__Your task__.
Check each line of the records for "This"; collect those that have it.

Stored data:
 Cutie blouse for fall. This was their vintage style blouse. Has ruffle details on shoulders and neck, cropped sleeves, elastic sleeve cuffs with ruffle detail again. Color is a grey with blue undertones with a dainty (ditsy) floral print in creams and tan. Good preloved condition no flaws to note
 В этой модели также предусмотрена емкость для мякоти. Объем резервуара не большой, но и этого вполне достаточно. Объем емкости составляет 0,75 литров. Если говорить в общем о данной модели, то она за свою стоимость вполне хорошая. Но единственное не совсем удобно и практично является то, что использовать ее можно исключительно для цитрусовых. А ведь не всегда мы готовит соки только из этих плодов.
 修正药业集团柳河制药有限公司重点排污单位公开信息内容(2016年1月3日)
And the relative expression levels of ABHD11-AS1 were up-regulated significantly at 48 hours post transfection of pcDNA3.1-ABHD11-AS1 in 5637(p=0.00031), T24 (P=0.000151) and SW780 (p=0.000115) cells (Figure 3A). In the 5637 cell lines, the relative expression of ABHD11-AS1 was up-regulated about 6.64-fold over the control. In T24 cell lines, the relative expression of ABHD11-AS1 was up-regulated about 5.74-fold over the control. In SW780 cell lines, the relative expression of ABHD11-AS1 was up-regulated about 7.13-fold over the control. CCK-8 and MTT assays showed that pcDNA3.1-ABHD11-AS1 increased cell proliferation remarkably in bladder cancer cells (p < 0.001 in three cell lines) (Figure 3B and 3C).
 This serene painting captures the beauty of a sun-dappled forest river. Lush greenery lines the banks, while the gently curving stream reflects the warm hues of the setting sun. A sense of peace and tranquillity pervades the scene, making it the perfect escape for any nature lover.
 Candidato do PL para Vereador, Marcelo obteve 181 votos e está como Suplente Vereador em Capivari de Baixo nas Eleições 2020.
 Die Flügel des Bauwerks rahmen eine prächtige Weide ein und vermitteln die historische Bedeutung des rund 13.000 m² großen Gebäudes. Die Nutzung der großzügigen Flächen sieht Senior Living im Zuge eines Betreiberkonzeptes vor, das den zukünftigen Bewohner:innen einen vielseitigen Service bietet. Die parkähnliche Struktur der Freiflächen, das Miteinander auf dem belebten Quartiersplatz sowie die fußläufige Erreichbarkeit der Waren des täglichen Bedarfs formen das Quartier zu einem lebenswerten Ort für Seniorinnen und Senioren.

__Answer to the problem__.
 Cutie blouse for fall. This was their vintage style blouse. Has ruffle details on shoulders and neck, cropped sleeves, elastic sleeve cuffs with ruffle detail again. Color is a grey with blue undertones with a dainty (ditsy) floral print in creams and tan. Good preloved condition no flaws to note
 This serene painting captures the beauty of a sun-dappled forest river. Lush greenery lines the banks, while the gently curving stream reflects the warm hues of the setting sun. A sense of peace and tranquillity pervades the scene, making it the perfect escape for any nature lover.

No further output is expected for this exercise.